Reproduce the full listing below exactly. Do not include the pictures.

Data provided |
^^^^
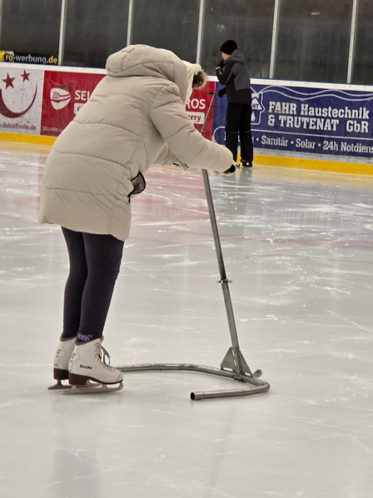 Wir wurden von drei Trainern sehr freundlich empfangen und bekamen alle unsere Schlittschuhe. Allesamt bekamen wir eine Einweisung und übten schonmal auf dem Trockenem, wie man auf den Schlittschuhen steht und wieder aufsteht, wenn man mal hinfällt. Im Prinzip so, wie man die ersten Schritte machen würde.
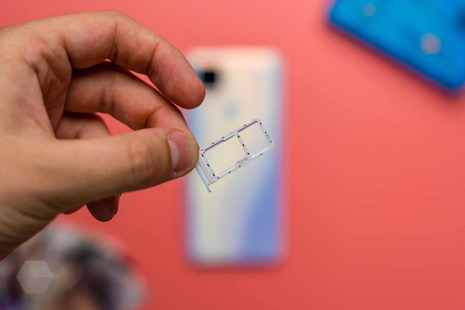 Ещё одна особенность — расположение слота для карт сверху. Обычно производители его куда-то по бокам суют. Слот гибридный, то есть можно вставить либо две nanoSIM, либо одну «симку» и карту памяти. Тут же рядом расположился вспомогательный микрофон.
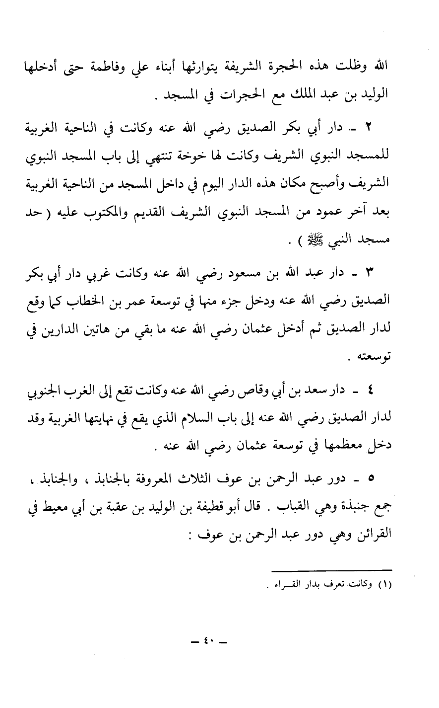 5 - دور عبد الرحمن بن عوف الثلاث المعروفة بالجنابذ، والجنابذ، جمع جنبذة وهي القباب.
^^^^
Reply to the task |
 Wir wurden von drei Trainern sehr freundlich empfangen und bekamen alle unsere Schlittschuhe. Allesamt bekamen wir eine Einweisung und übten schonmal auf dem Trockenem, wie man auf den Schlittschuhen steht und wieder aufsteht, wenn man mal hinfällt. Im Prinzip so, wie man die ersten Schritte machen würde.
 Ещё одна особенность — расположение слота для карт сверху. Обычно производители его куда-то по бокам суют. Слот гибридный, то есть можно вставить либо две nanoSIM, либо одну «симку» и карту памяти. Тут же рядом расположился вспомогательный микрофон.
 5 - دور عبد الرحمن بن عوف الثلاث المعروفة بالجنابذ، والجنابذ، جمع جنبذة وهي القباب.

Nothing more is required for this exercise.